SB 56, sponsored by Sen. Dennis Parrett, D-Elizabethtown, passed 98-0, would expand the so called “look-back-period” for prior drunk driving offenses from five to 10 years.
In Kentucky, a fourth DUI conviction in a five-year period is treated as a felony. The clock for determining penalties for offenders is reset after five years under current law. By increasing the look-back period, convictions remain on a person’s record for a longer period of time, which will be a consideration during sentencing for repeat offenders.
The act will be known as the “Brianna Taylor Act”, in honor of a 17-year-old Elizabethtown High School graduate who was killed in an auto accident in 2014 caused by a recurring DUI offender, who could only be charged with the first offense driving under the influence because of the look-back limits.
The bill also changes the days that a report must be filed with the Administrative Office of the Court to 180 days from 90 days because of the time it takes to perform lab testing.
Rep. Robert Benvenuti, R-Lexington, voted in favor of the bill in honor of his friend, Lexington attorney Mark Hinkel, 57, who was killed by a repeat drunken driver exactly ten months ago Wednesday in Scott County.

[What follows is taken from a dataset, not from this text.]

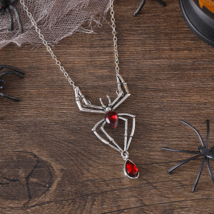 国境を越えて人気のハロウィーンパンクレトロなルビーのクモのネックレス暗黒ゴシック風が個性的なアクセサリーを誇張している
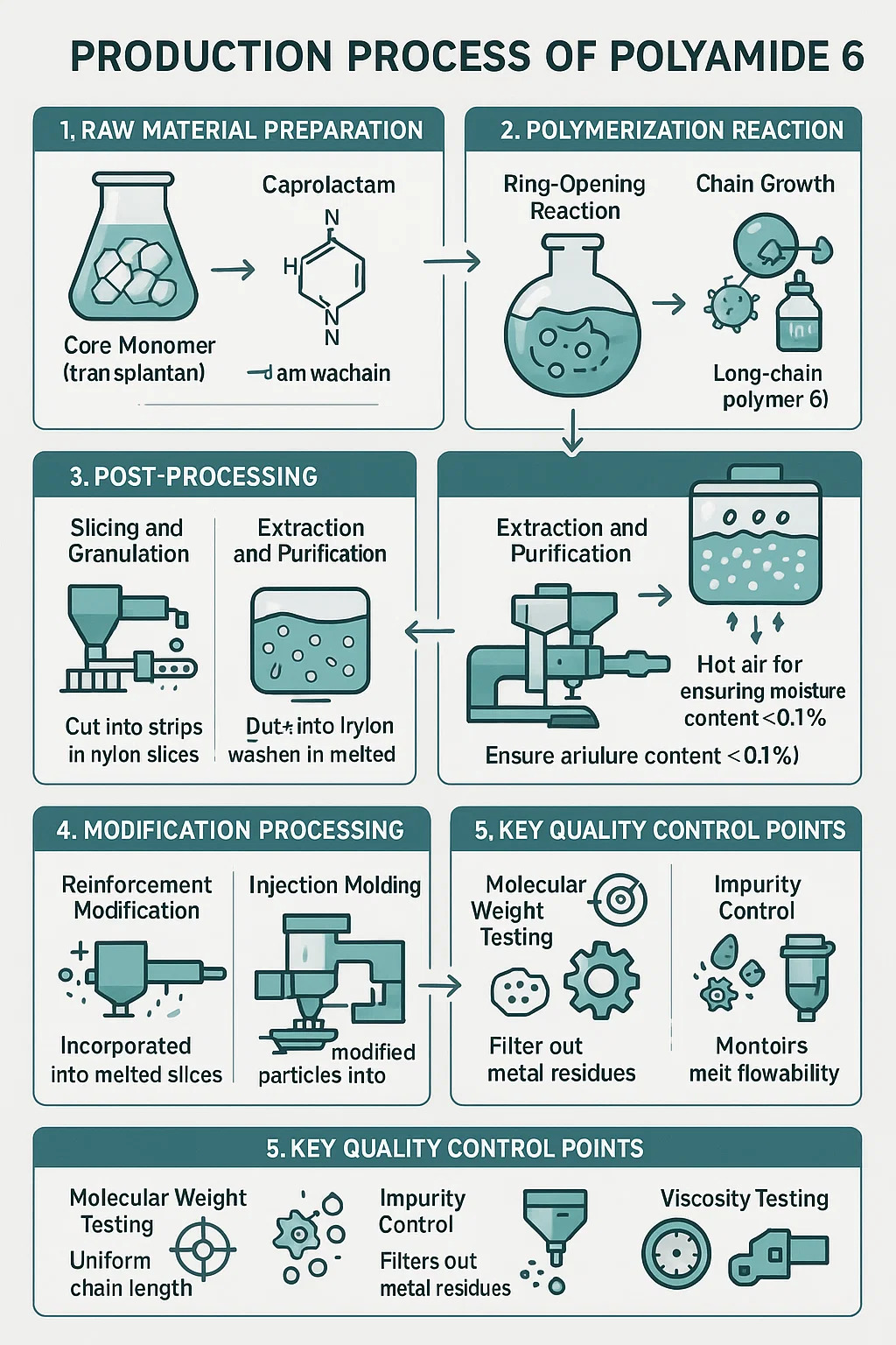 Kernmonomeer: Caprolactam (een transparant kristal), geproduceerd uit benzeen dat via een meerstapsreactie uit aardolie wordt geëxtraheerd.

That driver had up to nine previous DUI offenses — most occurring in the five years before Hinkel’s death, according to news reports on the case.
“My friend Mark Hinkel was involved in a bicycle race and as he traveled close to the finish line, a habitual drunk driver struck him head on,” Benvenuti said. “And about 39 minutes after he was first contacted by that pickup truck by that habitual drunk driver, he was pronounced dead.”
Rep. Bam Carney, R-Campbellsville, said that it was time to start sending a message that law abiding citizens will be protected from criminal behavior.
“When you make that choice to get behind the wheel intoxicated, it can be any one of us at any time,” Carney said. “As far as I’m concerned it should be a lifetime (look-back). How many chances to you need folks?”
Mark Hinkel’s widow, Mary-Lynn Hinkel was in the gallery to watch the proceedings and was appreciative of the legislators who worked to pass the legislation.
“It’s not going to bring him back, but hopefully this is a step to have this tragedy be prevented for another family to have to go through this,” Hinkel said. “It’s unbearable, and we miss him so much, and I just want to make sure that this doesn’t happen to another family.”
The measure now returns to the Senate, where it passed in January on a 35-1 vote, for that chamber to consider a minor change made to the bill by the House. Because SB 56 contains an emergency clause, it would take effect immediately if it becomes law.
Currently, 31 states currently have a DUI look-back period of at least 10 years. Four states have a lifetime look-back period for DUI.